Friday, 12 February 2010

Ultraviolet

This mini-series, helmed by critically-rated writer-director Joe Ahearne was shown on Channel 4 in 1998 and set an unusually high standard for a British horror-fantasy-thriller. As my terminology suggests, Ultraviolet is one of those genre-spanning jobs, and - having just watched it again after a good few years - seems all the better for it.

The plot is of a fairly familiar type. Honest London cop Mike Coleman (Jack Davenport) is at his best friend's stag night when he receives a call from an informer who claims his life is in danger. Mike reluctantly decides to help, but the informer is already dead by the time he finds him. The assailant - who has gunned his victim down in a busy amusement arcade - disappears. This is strange, as the killer apparently went into a Tube station, but doesn't appear on any CCTV footage.

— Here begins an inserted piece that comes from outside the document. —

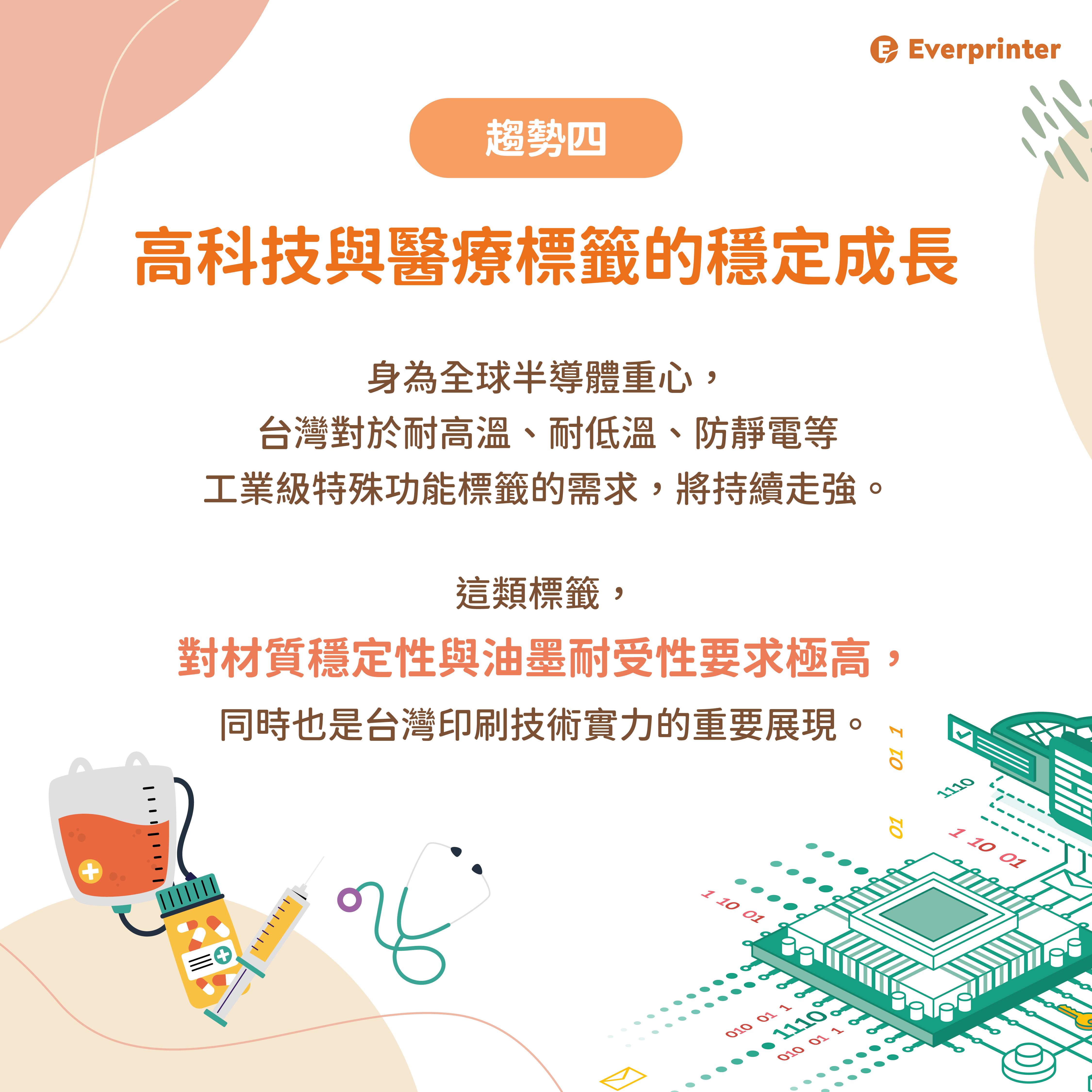 身為全球半導體重心,台灣對於耐高溫、耐低溫、防靜電等 工業級特殊功能標籤 的需求將持續走強。這類標籤對材質與油墨的穩定性要求極高,也是台灣印刷實力的展現。

Stranger still are events the following day, when Mike's friend Jack doesn't turn up to his wedding, putting a bit of a crimp in the day of the bride, Kirsty. Mike, the best man, is somewhat conflicted as he is carrying a torch for her. This will have consequences later on... Then a mysterious investigative unit takes over the case, and Mike finds himself investigating them, as they are not regular police.

By the end of episode one it's clear that Jack has become a vampire, though the term is never used in the series. Instead the special unit refers to them as Code Fives, from the Latin V. Geddit? The vampire-hunters are government-funded and equipped with interesting gizmos to tackle the undead. For instance, because vampires can't produce an image of any kind, they are not only invisible in mirrors but also can't be photographed. So the hunters have video cameras fixed to their guns, which fire special carbon bullets to provide a more effective 'stake' in the heart.

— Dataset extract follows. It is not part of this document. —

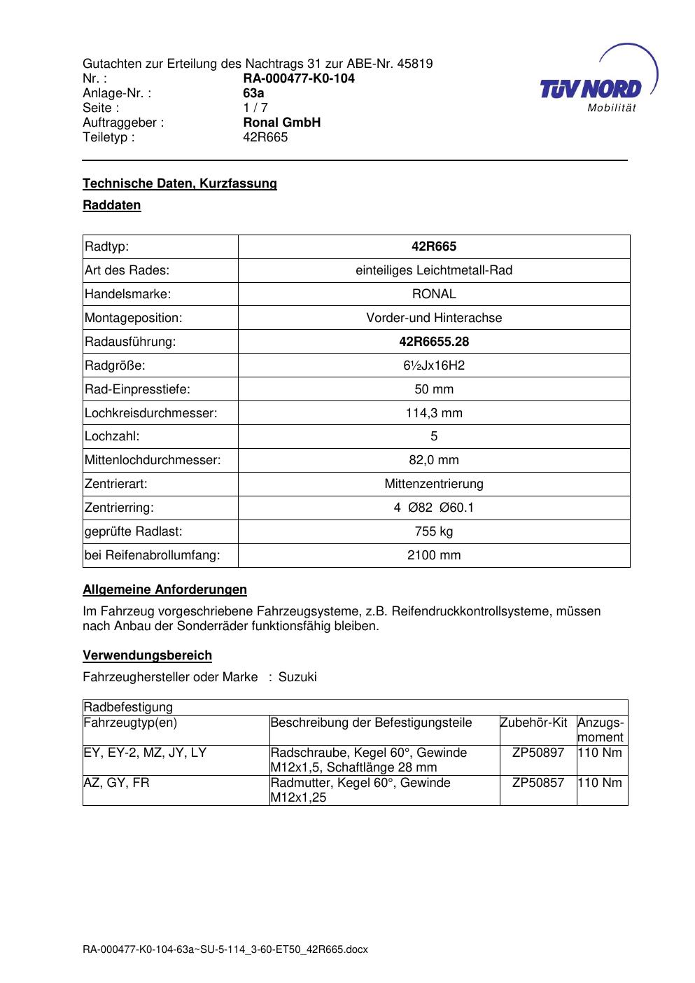 • Stimmt die KBA-Nummer auf der Felge mit diesem Dokument überein?

Ultraviolet, which ran to only six episodes, is refreshingly strong on both plotting and characterisation. Each of the vampire killers has his or her reason to fight the 'leeches', as they're dubbed. Thus Dr Angie March (Susannah Harker) was forced to kill her husband and one of her children because they were 'taken'. Ex-soldier Vaughan Rice (Idris Elba) saw his comrades taken in the first Gulf War. And the head of the special unit, Pearce Harman (Philip Quast), is a former(?) priest for whom the existence of supernatural evil seems to confirm the existence of God.

For their part, the vampires have a more interesting agenda than the usual freelance bitey/lurkey stuff. Indeed, as the series developes it becomes clear that a number of projects undertaken by the vamps are all part of a very dark and grand design. Some of the best plot twists relate to questions of how vampires might handle the pesky human habit of reproducing, getting awful diseases, and wrecking the ecosystem. Vampires, after all, have to take a very long view.

Sometimes the series is a bit too clever for its own good. The vampire not casting an image thing is smartly handled at first, and it makes sense that they also can't be heard on the phone (so they must use voice synthesiers). But then we're told you can't even take their fingerprints because that's an 'image' too. So does this mean I can't see a vampire because I wear glasses? Lenses form an image after all.

Such minor quibbles aside, though, Ultraviolet is one of the best UK horror-fantasy series of all time. If you enjoy clever stories and a rather grimly realistic approach to the vampire question, you might give it a try. You can watch it on Channel 4's YouTube thingy here.

2 comments:

Thornavis said...

I quite enjoyed this when it came out although I thought it creaked a bit in trying to maintain a sense of believability when suspending disbelief is essential for vampires tales to work.

valdemar said...

Yes, it is a problem with all 'traditional' spooks. But nobody has taken the big step towards Lovecraftian horror on the telly yet. I think commissioning editors would balk at anything too weird.